Даже в смятении он почувствовал себя оскорбленным и, не задумываясь, ответил:
— Я не пират. У моего отца каперское свидетельство.
— Не смей возражать.
Она то и дело переходила с латыни на датский или английский. Но ее голос звучал резко, как бич.
И снова он стесненно ответил:
— Я не хотел вас оскорбить.
— Когда мой благородный муж узнает, что ты подглядывал за мной, он пойдет к твоему отцу-пирату, и тебя высекут на треножнике, как секли сегодня утром.
— Я не подглядывал…
— Лжец! — Она не дала ему закончить. — Грязный лживый пират.
На миг у него перехватило дыхание от потока оскорблений.
— Я только хотел…
Ее ярость вспыхнула снова.
— Я знаю, что ты хотел. Ты хотел посмотреть на мою катти … — он знал, что по-голландски это кошечка, — а потом взять свой кук в руки и ласкать его.
— Нет! — почти закричал Хэл. Откуда она знает его позорную тайну? Он был в ужасе.
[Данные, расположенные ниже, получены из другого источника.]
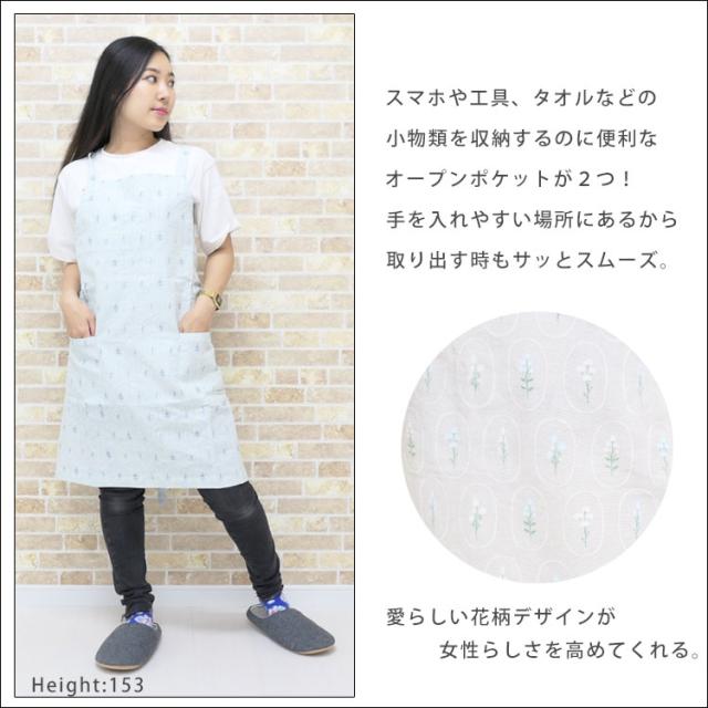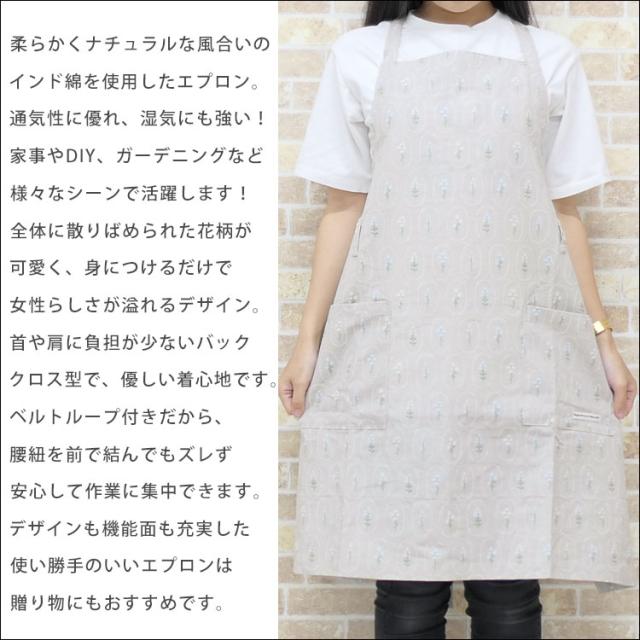 レディースエプロン フラワー バッククロスエプロン チュニック インド綿 通気性 コットンエプロン カフェ 肩掛け 女性 女子 母の日 ギフト 誕生日 プレゼント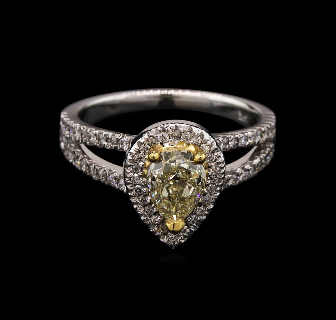 One electronically tested 14KT white gold ladies cast diamond ring with a bright polish finish. The featured diamond is set within an inner yellow gold basket and an outer diamond bezel supported by diamond set split shoulders, completed by a two millimeter wide band. Identified with markings of "14K". Condition is new, good workmanship. Containing: One prong set pear shaped cut diamond, measuring 7.30 x 5.30 x 3.50mm, 12.00.%. GTCF exact weight 1.05ct with a faint blue fluorescence. Graded in the setting. Clarity: SI-1. Depth: 66.0%. Table 56.6%. Sixty-Eight prong set round brilliant cut diamonds, measuring 1.20 - 1.00 x 0.66mm exact total weight 68 Stones = 0.37ct. Graded in the setting. Clarity: SI-1 to I-1. Color: G - I. Total Weight of Diamonds 1.42ct. Total Weight of Ring 4.59gm. AIG Appraised at $7,330.00.

— Тише! Зельда услышит, — снова зашептала она. — Если тебя поймают, тебя ждет плеть.
— Пожалуйста, — шептал он в ответ. — Я не хотел ничего плохого. Простите меня. Я не хотел.
— Тогда покажи мне. Докажи свою невиновность. Покажи мне твой кок.
— Не могу.
Его голос дрожал от стыда.
— Встань. Прижми его к отверстию, чтобы я увидела, лжешь ли ты.
— Нет. Не заставляйте меня это делать.
— Быстрей… или я закричу и позову мужа.
Он медленно встал. Глазок был точно на уровне его измученных болью гениталий.
— Теперь покажи. Раскрой брюки, — приказывал ее голос.
Медленно, стыдясь и робея, он поднял парусину; не успел он это сделать, как его пенис выпрыгнул наружу, словно распрямившаяся упругая ветвь. Он знал, что Катинка потеряла дар речи от отвращения, увидев такое. Через минуту напряженного молчания, самую долгую минуту в жизни, он начал опускать парусину.
Она немедленно остановила его дрожащим (он решил, что от отвращения) голосом, так что он с трудом понимал ее ломаную английскую речь.
— Нет. Не прикрывай срам. Эта твоя штука выдает тебя. Ты по-прежнему утверждаешь, что невиновен?
— Нет, — жалобно признался он.
— Тогда тебя следует наказать, — сказала она. — Придется рассказать твоему отцу.
— Пожалуйста, не надо, — взмолился он. — Отец убьет меня собственными руками.